А потом встала, подошла к окну, выглянула в сад, окутанный пеленою тумана; казалось, в душе ее закатилось солнце. Мари сунула в рот косточку из абрикоса, который летом сорвала украдкой с личного дерева королевы, потому что осенью и зимой любила высасывать горечь из абрикосовых косточек. В душе ее сквозил сумеречный холодок, и все, что скрывалось в тени, казалось чужим и нелепым.
Она чувствовала, как из нее утекает ослепительная любовь, что переполняла ее все годы при дворе Алиеноры в Англетерре и заливала ярким светом даже трудности и одиночество.

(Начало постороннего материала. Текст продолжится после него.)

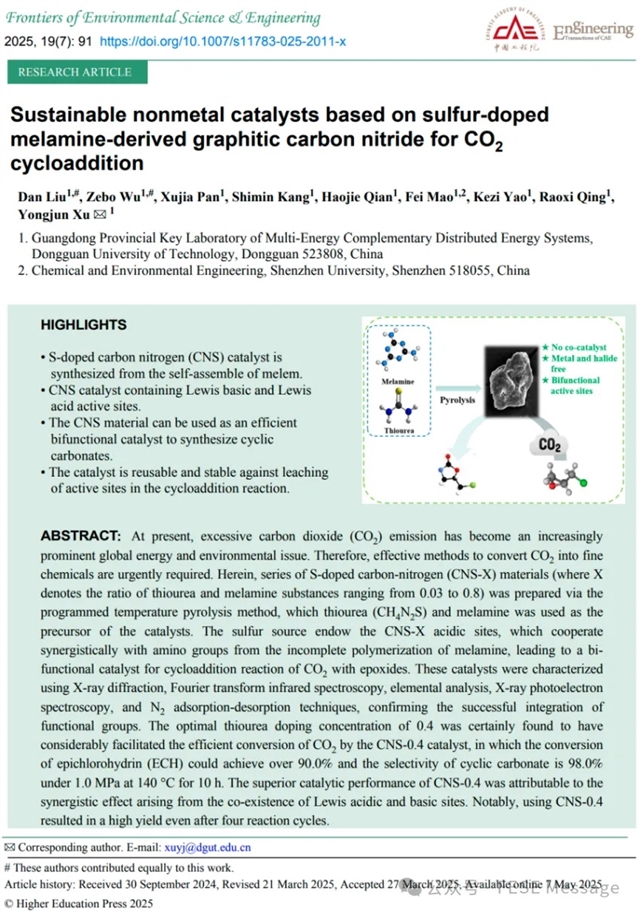 本文内容来自FESE期刊2025年第19卷第7期发表的研究文章“Sustainable nonmetal catalysts based on sulfur-doped melamine-derived graphitic carbon nitride for CO2 cycloaddition”。通讯作者为东莞理工学院徐勇军教授。
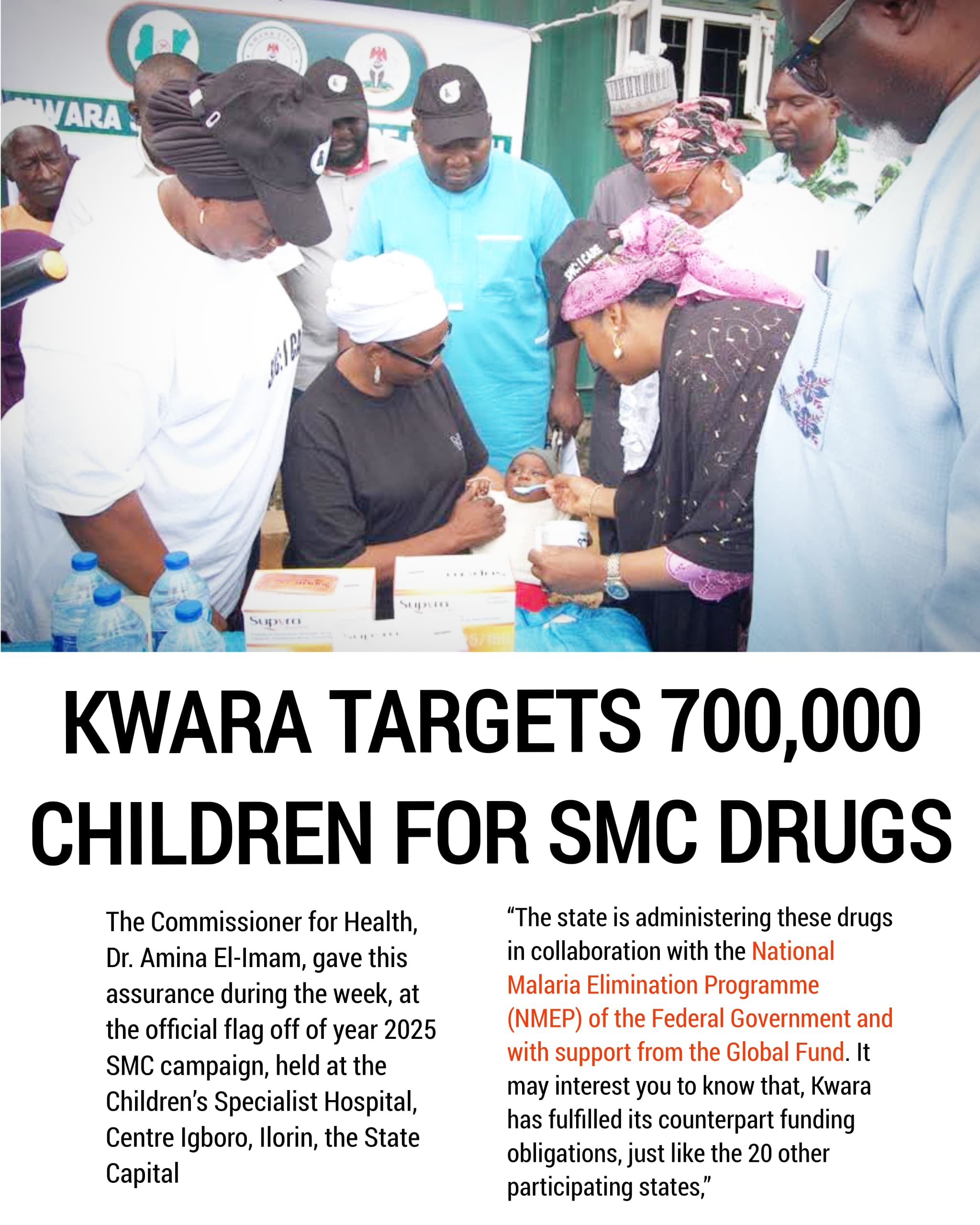 The Kwara State Government has commenced the 2025 Seasonal Malaria Chemoprevention (SMC) campaign aimed at administering preventive drugs to no fewer than 700,000 children across the state.
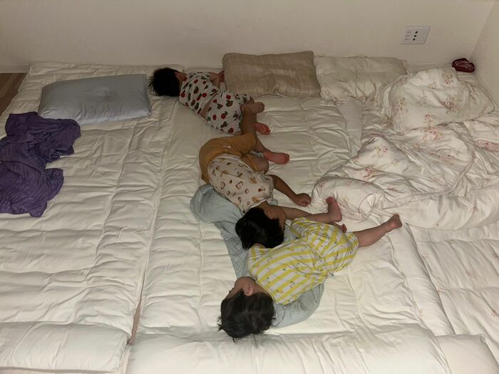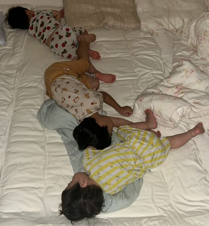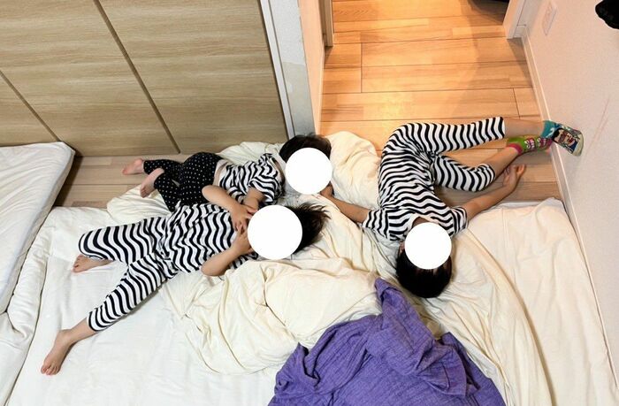 それぞれの布団で3兄弟の寝かしつけをし、家事を終えて寝室に戻ると、写真のような状況だったといい「母の布団に集まるのは我が家だけなのか?」と疑問に思い、投稿したということです。
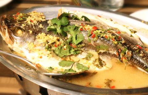 The Thai-style steamed sea bass with lemon sauce (NT$380) came served still broiling over a flame, the fish lavished with cilantro and swimming in a pool of lemon soup that gives the dish its zing. The fish is tender and fell apart before it even hit my mouth and I had to scoop it up with a spoon. This was a table favorite on both occasions.
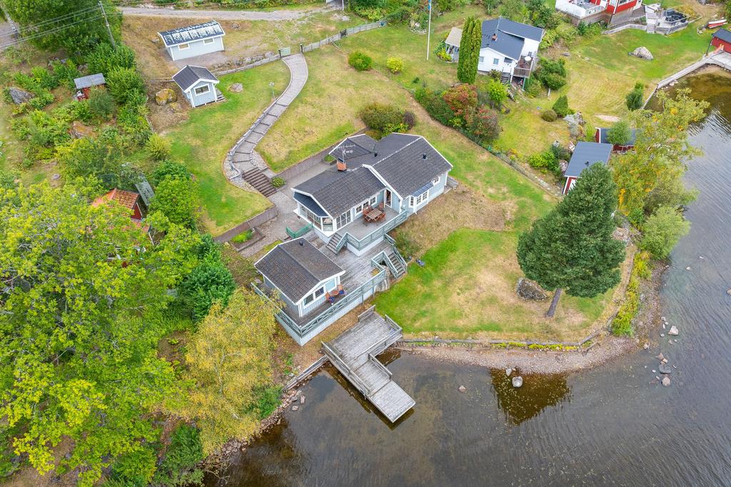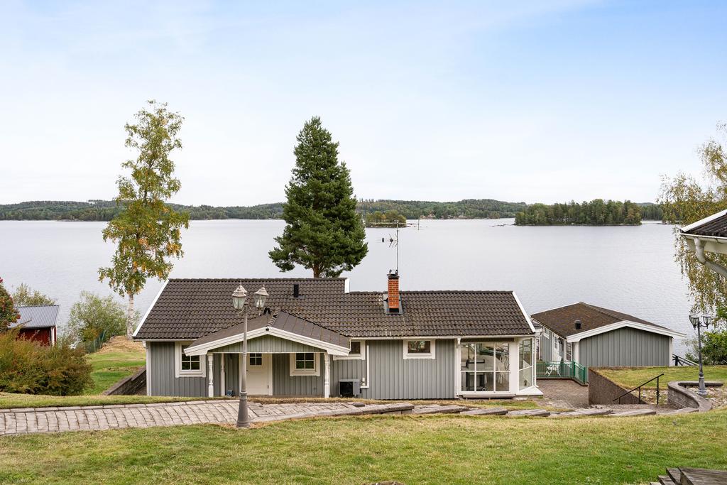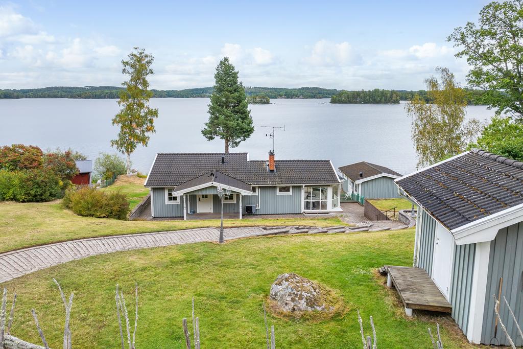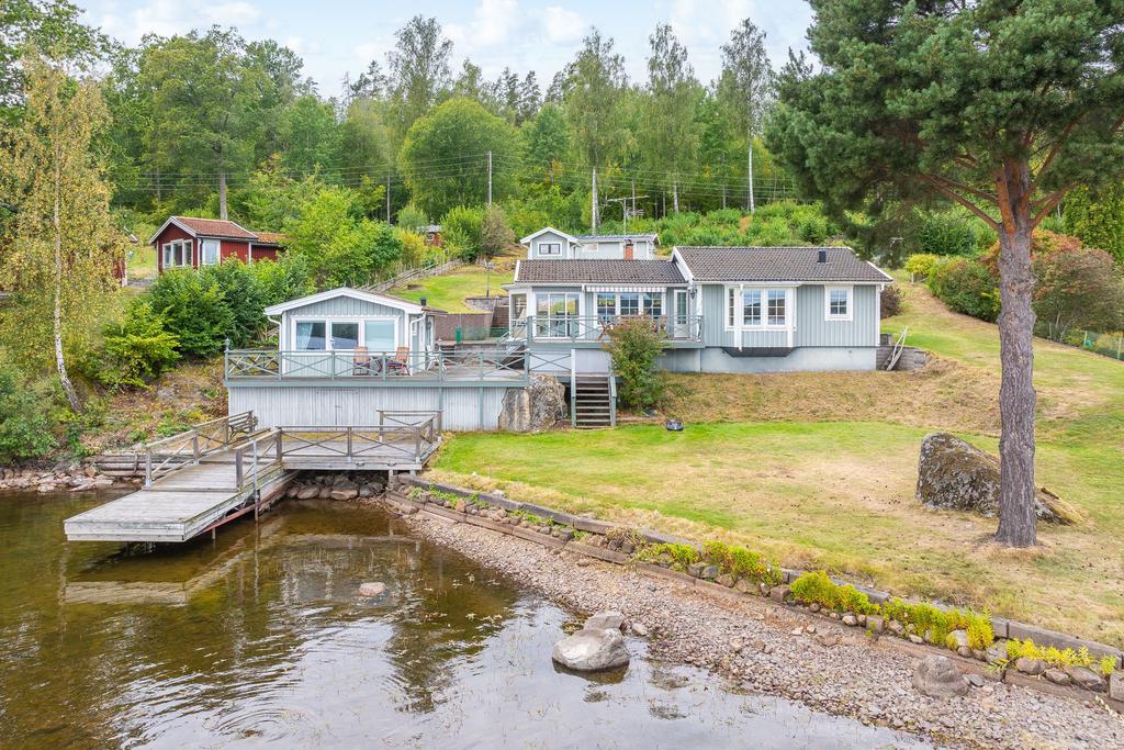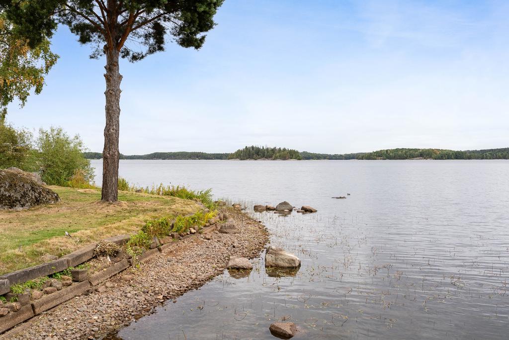 Denna fastighet har en fin strandlinje med brygga mot vattnet där man från en generös tomt har sällsamma vyer mot skog och sjö som ger varierade vyer där himlens färger speglas i vattnet. Här njuter man med åretruntstandard genom årstidernas växlingar där säsongernas skiften ger såväl soliga båt och baddagar, höstliga skogsturer och vintriga isar att åka skridsko på.

Первый день при дворе в Вестминстере, ошеломленная Мари сидела за ужином, еще чувствуя на губах морскую соль, заиграли гобои и лютни, в дверях показалась Алиенора, опухшая, на сносях, с круглой грудью и животом, правую щеку разнесло, королеве в тот день вырвали зуб, она семенила – плыла лебедем, – и лицо у нее было в точности такое, какое Мари видела в детстве и любила во снах. Свет в обеденной зале умалился до искры, освещавшей только Алиенору. Мари увидела ее и пропала. В тот вечер, когда она вернулась к себе, Цецилия уже храпела в постели, и Мари разбудила ее тем, как истово терлась о ее руку. Мари отправилась бы на поиски Святого Грааля, утаила свой пол и ушла на войну, убивала без трепета, с преклоненной главою сносила жестокость, смиренно делила кров с прокаженными, она сделала бы что угодно по велению Алиеноры. Все добро исходило от Алиеноры: музыка, смех, куртуазная любовь, из ее красоты рождалась красота, ведь всем известно, что красота – внешний признак милости Божьей.
И даже теперь, когда ее выбросили, как ветошь, Мари, к стыду своему, понимает, направляя коня к мрачному сырому аббатству, что по прежнему готова для Алиеноры на все.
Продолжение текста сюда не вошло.